To co w tym arcie jest napisane to jest po czesci prawda ale tez druga czesc to jest wina samych ludzi. Im dluzej swiat sie kreci tym mniej rozumiemy własne stany emocjonalne. Oraz coraz wieksza wygoda, wieksza ilosc czasu na nude, i zazwyczaj coraz wiekszy brak jakiegokolwiek rozwoju bo wmawia sie nam, ze rozwoj to tylko - wyzsze uczelni i stanowiska dyrektora.
Dlugi temat. Ale to powoduje, ze ludzie z byle "emocjonalnego czegos" robia katastrofe a nie MUSIELIBY.
Druga sprawa jest coraz większa swoboda, ktora dociera z zachodu. Przykladowo wezmy USA, tam bez mala codziennoscia staje sie, w wekeend jaranie ziola (co powoduje nastroje depresyjne lub niepokój) a poniedzialek ludzie ci biorą LEXAPRO aby zaczac DOBRZE tydzien

i to nie zarty, tam rzeczywiscie LEXAPRO czy PROZAC brany jest na wieksze doły.
Koncerny to wykorzystuja po prostu.
Natomiast całe rzesze kształconych studentów psychiatrii oraz psychologii odbiega od rozumienia swojej swiadomosci i emocji, a w zamian tego wolą produkowac i skupiać się na długich terapiach, a także lekach, ktore wcale w okolo sądze 70 % nie sa potrzebne osobą z lękami, nerwicami czy depresjami lękowymi. Bo można by to było zrobić inaczej, prościej - proście w sensie o wiele trwalszych efektów.

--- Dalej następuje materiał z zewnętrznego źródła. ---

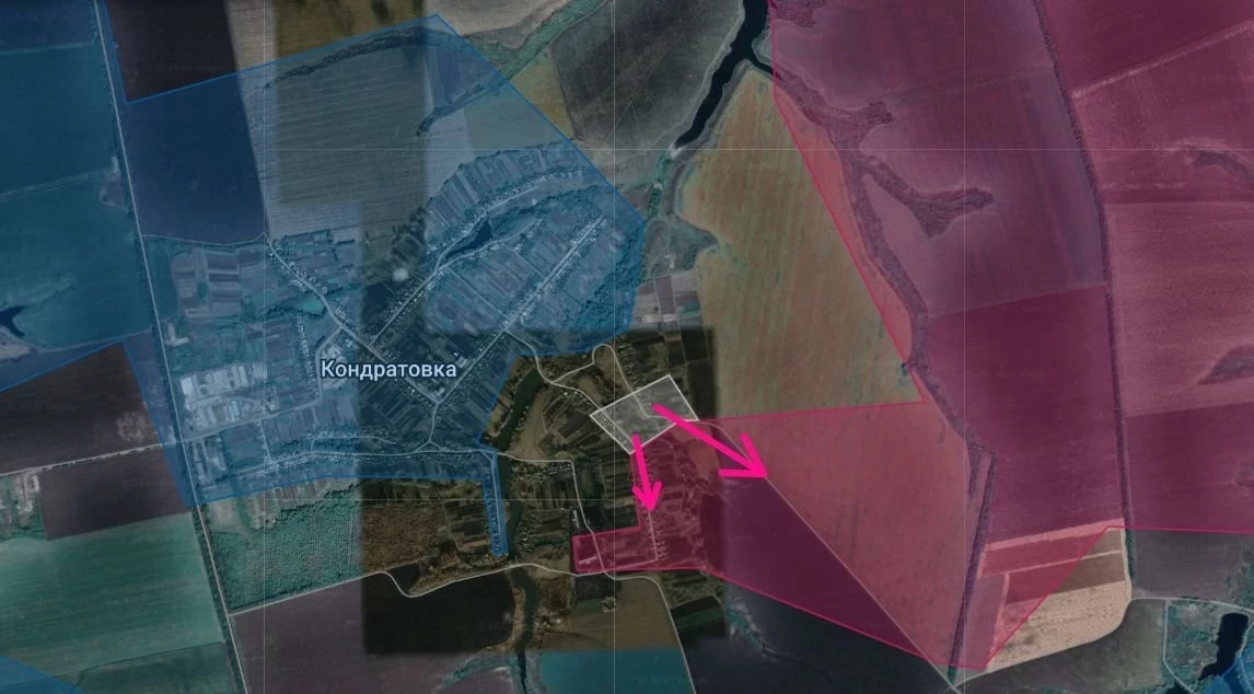 В Сумской области идут тяжёлые бои. В Кондратовке российские войска, применяя ФАБы, заняли большую часть села, украинские войска пытаются контратаковать и вернуть контроль, в том числе и севернее Андреевки.

Ale to też ludzie by musieli chcieć, a teraz mało kto chce cierpieć dla sprawy, kazdy chce się czuć po prostu dobrze, wybierając droge szybka i ogólnie dostepną.
To są powiązane ze sobą kwestie, bardzo dyskusyjne. Ale nie jest to wina tylko koncernów czy mediów.